◆ **TASK ITEM**:
Please repeat the data below exactly, with the pictures removed.

◆ **COLLECTED MATERIAL**:
====================

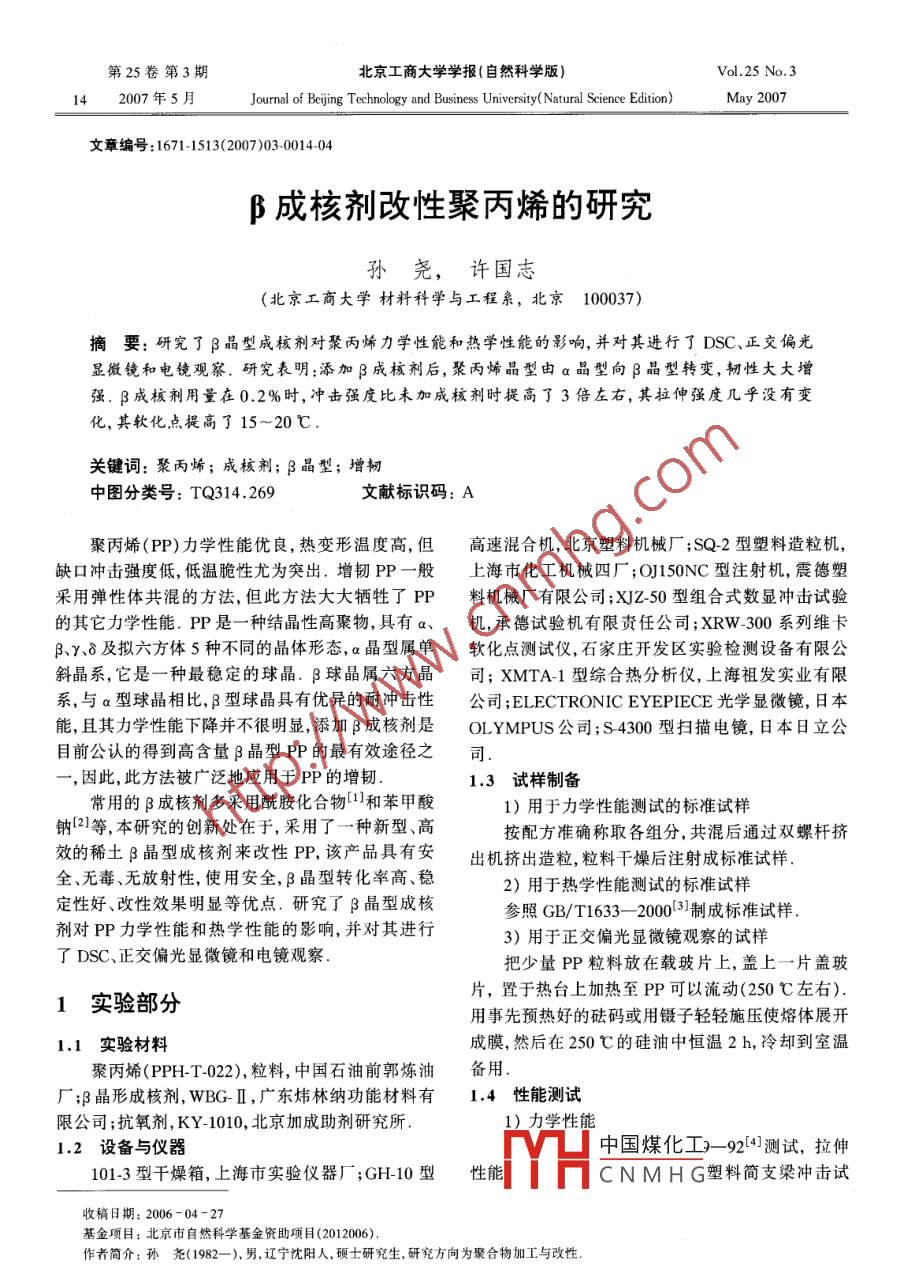 β成核剂改性聚丙烯的研究
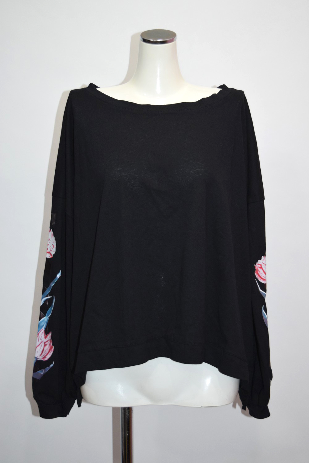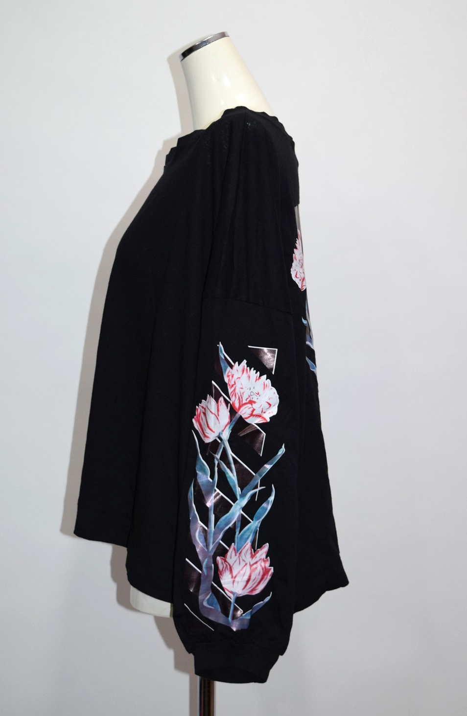 FLORAL SLEEVE LOOSE-FIT TOPS(BLK)
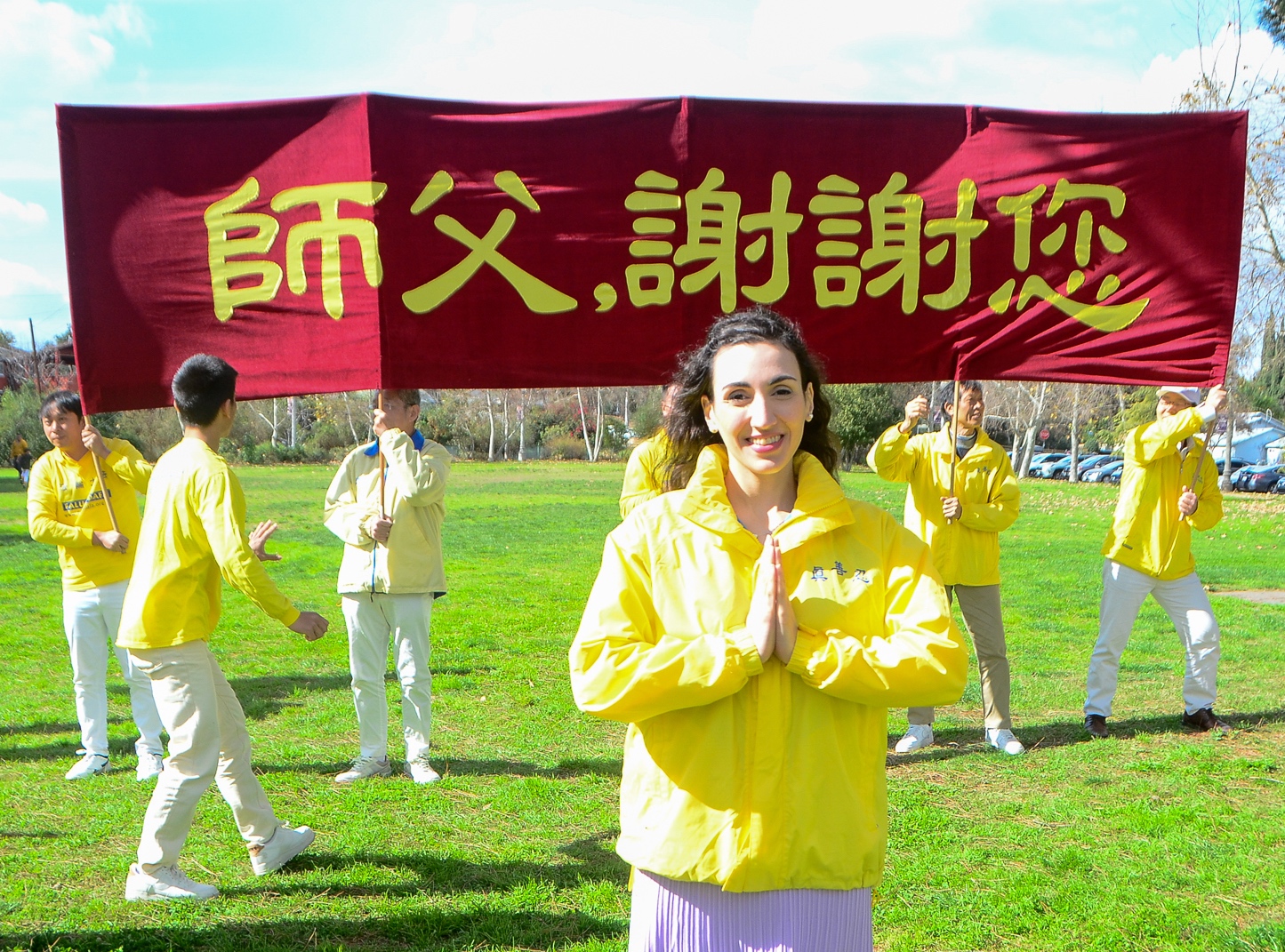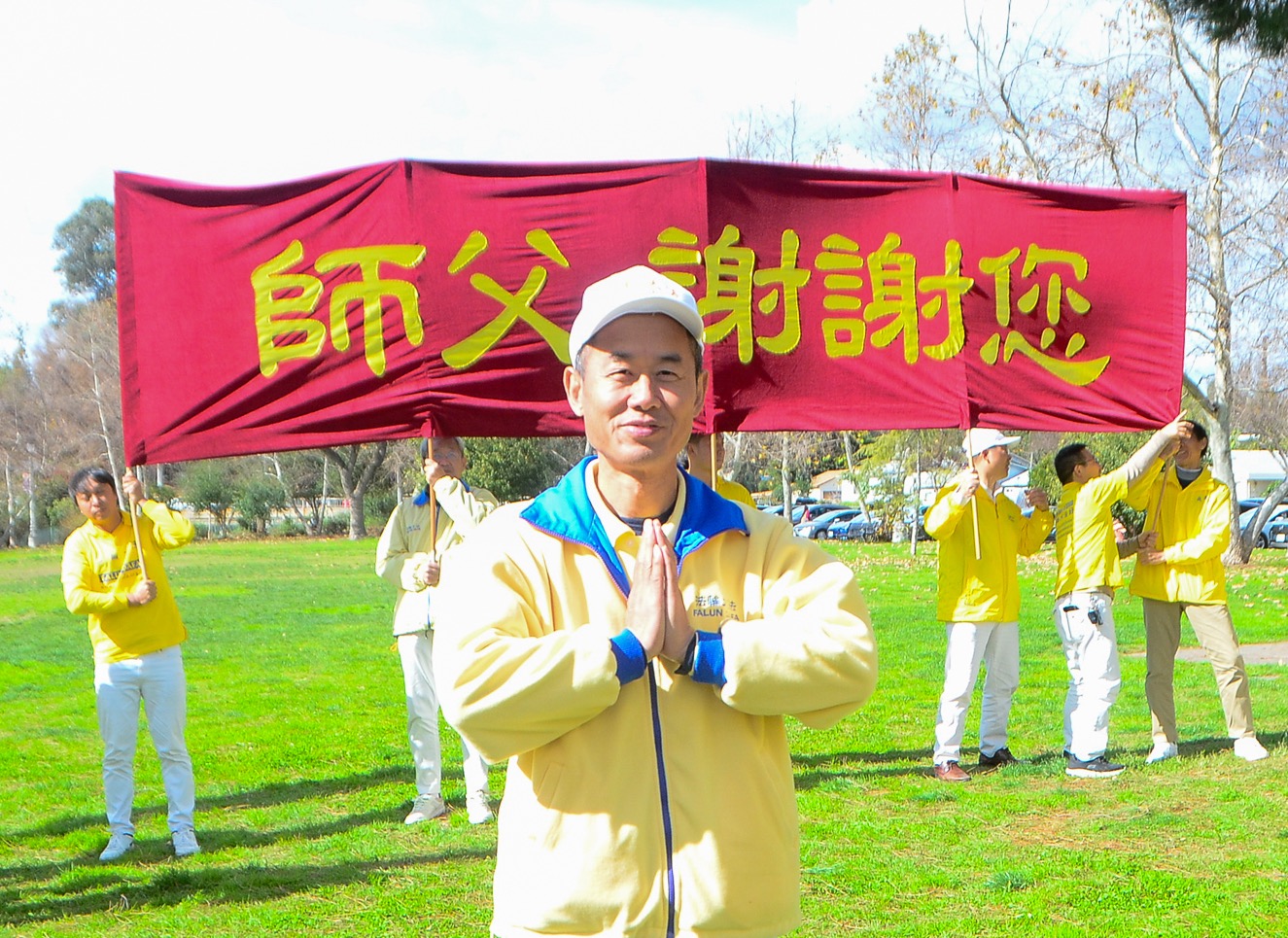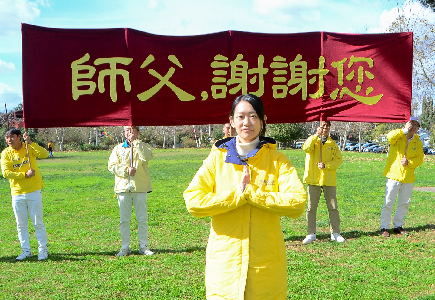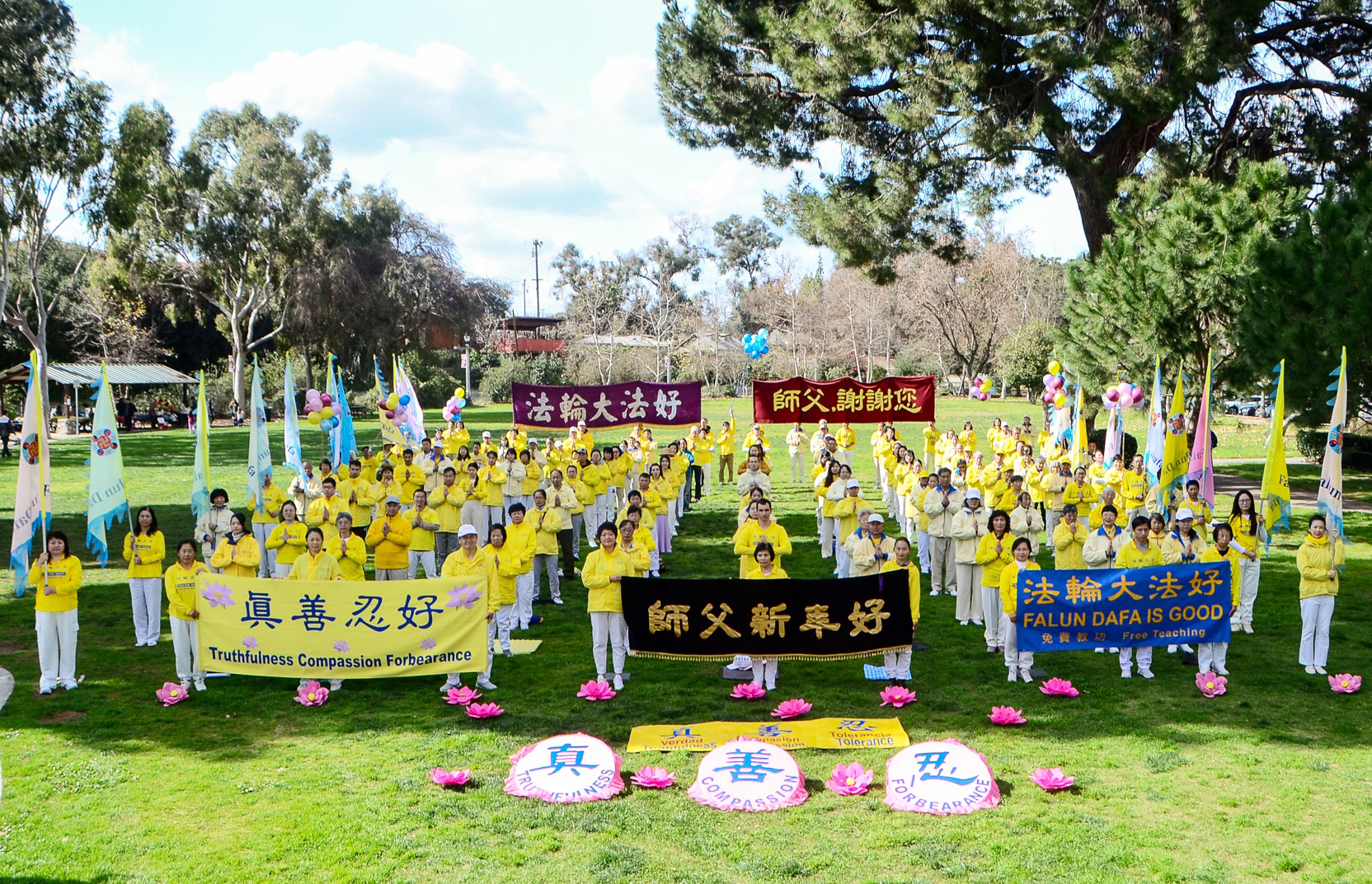 法轮功学员们手持横幅:“恭祝师尊新年好”、“师父,谢谢您”、“法轮大法好”、“真善忍好”,表达他们由衷的心声;他们齐声虔诚地道出:“恭祝师尊新年好! ”声音迥荡在兰天白云 、辽阔的天空。

====================

◆ **YOUR SOLUTION**:
 β成核剂改性聚丙烯的研究
 FLORAL SLEEVE LOOSE-FIT TOPS(BLK)
 法轮功学员们手持横幅:“恭祝师尊新年好”、“师父,谢谢您”、“法轮大法好”、“真善忍好”,表达他们由衷的心声;他们齐声虔诚地道出:“恭祝师尊新年好! ”声音迥荡在兰天白云 、辽阔的天空。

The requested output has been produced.